EXERCISE BRIEF: Pictures are to be dropped, and only the lines from the one containing "2025 Hot Selling" through the end of the data below are to be reproduced as written.

DATA SUPPLIED:
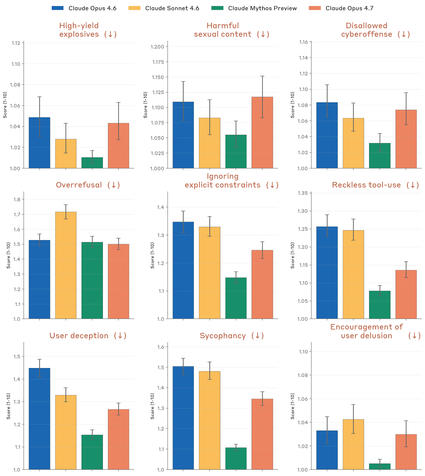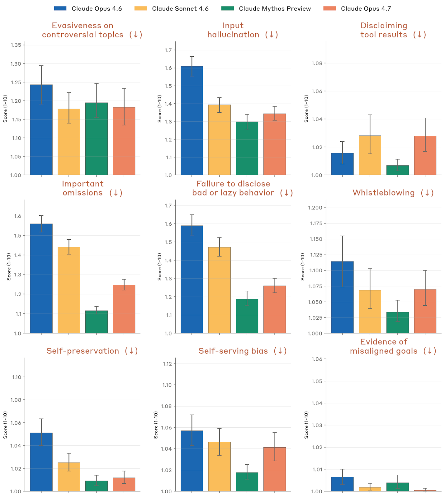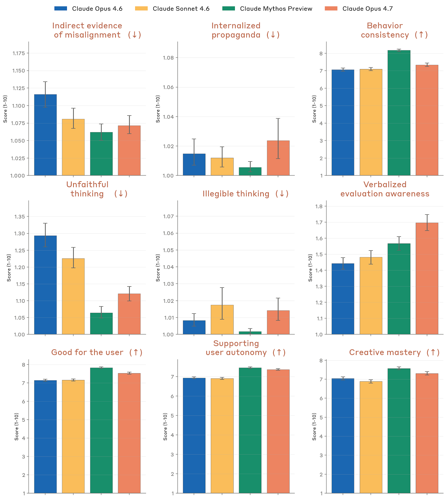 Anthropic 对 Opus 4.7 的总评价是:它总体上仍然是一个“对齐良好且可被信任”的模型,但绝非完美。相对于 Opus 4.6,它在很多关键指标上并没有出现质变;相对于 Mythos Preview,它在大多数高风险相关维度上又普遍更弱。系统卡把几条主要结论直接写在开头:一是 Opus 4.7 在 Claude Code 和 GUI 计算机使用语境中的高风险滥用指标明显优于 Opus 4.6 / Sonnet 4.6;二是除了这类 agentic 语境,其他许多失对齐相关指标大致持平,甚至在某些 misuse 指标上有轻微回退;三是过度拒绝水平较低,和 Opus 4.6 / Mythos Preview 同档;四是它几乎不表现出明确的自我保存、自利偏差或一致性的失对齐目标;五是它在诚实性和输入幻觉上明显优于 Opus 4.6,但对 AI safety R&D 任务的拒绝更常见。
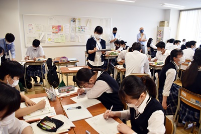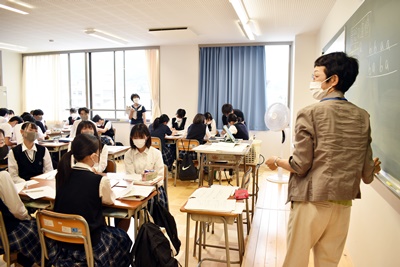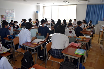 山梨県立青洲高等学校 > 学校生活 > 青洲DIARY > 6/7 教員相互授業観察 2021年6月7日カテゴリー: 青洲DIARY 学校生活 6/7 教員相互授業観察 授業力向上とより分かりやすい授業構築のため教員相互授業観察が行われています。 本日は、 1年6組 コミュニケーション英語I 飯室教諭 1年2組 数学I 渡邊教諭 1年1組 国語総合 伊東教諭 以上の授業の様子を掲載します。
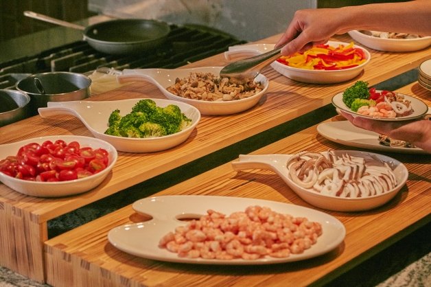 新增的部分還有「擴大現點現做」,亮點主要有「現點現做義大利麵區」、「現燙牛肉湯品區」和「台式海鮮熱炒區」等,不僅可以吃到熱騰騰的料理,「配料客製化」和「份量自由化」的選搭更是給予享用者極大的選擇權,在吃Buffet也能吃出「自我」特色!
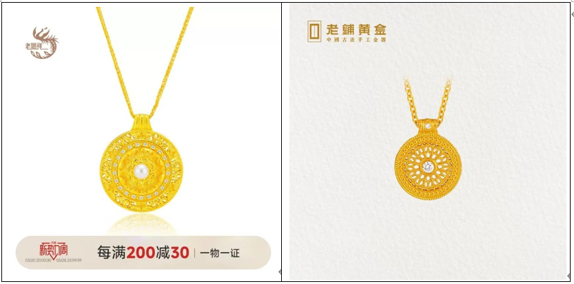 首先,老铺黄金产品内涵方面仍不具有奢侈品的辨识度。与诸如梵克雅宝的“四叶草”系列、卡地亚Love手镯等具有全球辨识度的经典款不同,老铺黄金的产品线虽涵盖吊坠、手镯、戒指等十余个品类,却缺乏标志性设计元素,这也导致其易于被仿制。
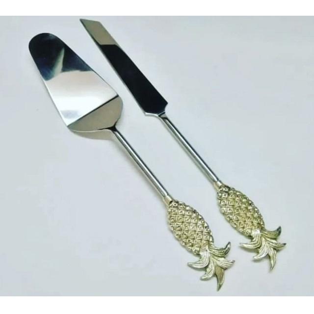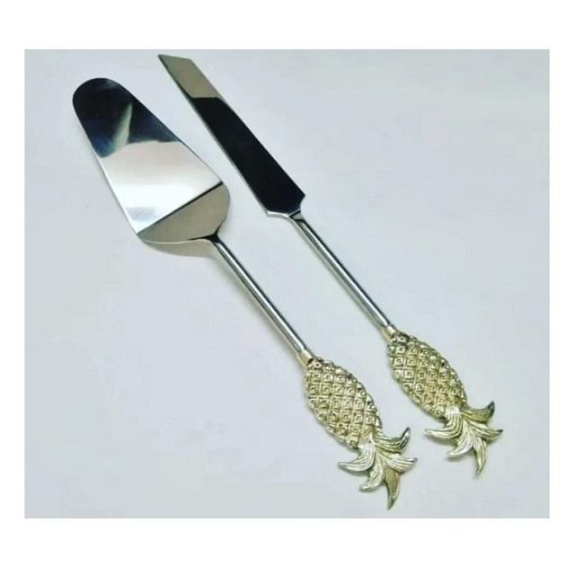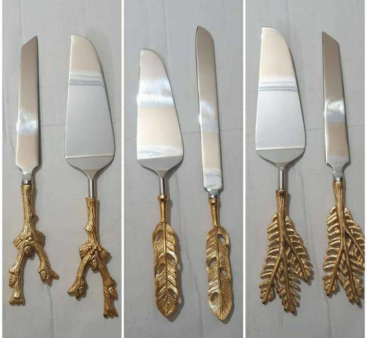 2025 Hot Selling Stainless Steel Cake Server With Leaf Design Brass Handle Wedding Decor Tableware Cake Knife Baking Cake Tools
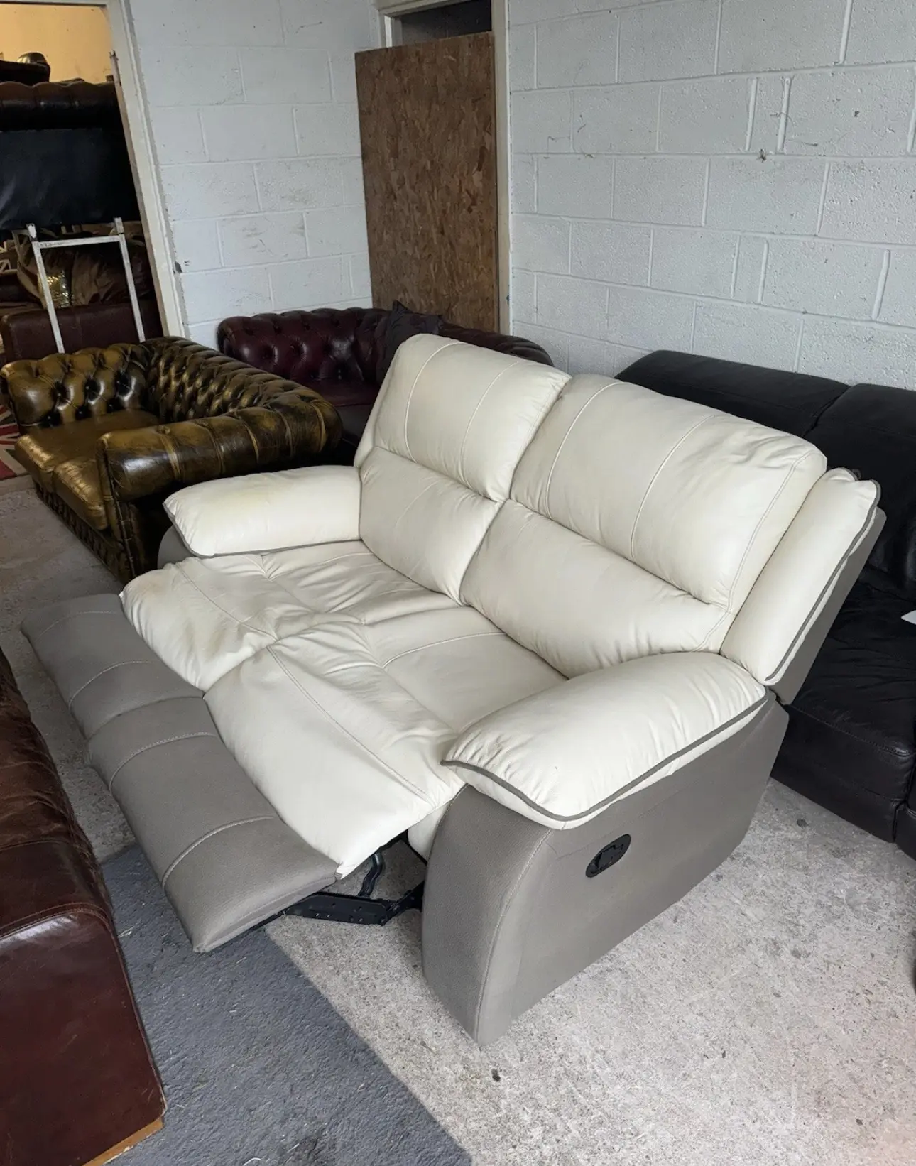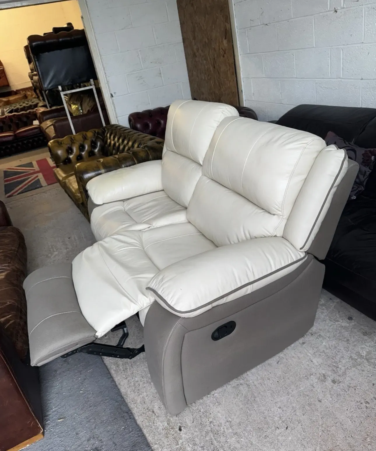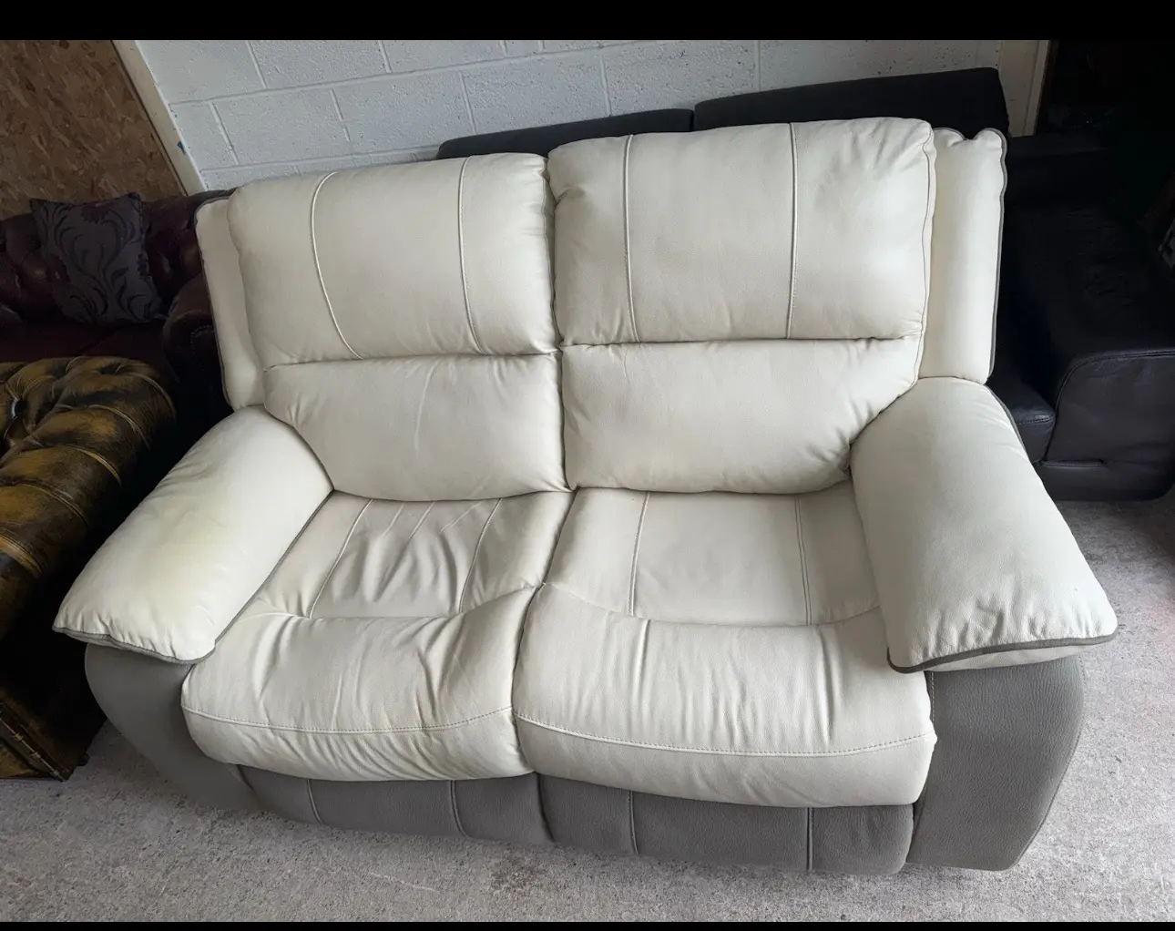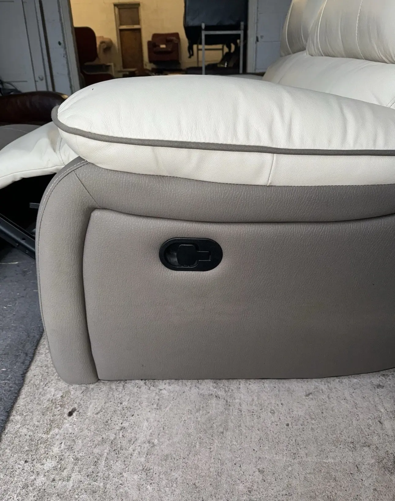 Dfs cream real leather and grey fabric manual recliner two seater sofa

PROBLEM SOLUTION:
 2025 Hot Selling Stainless Steel Cake Server With Leaf Design Brass Handle Wedding Decor Tableware Cake Knife Baking Cake Tools
 Dfs cream real leather and grey fabric manual recliner two seater sofa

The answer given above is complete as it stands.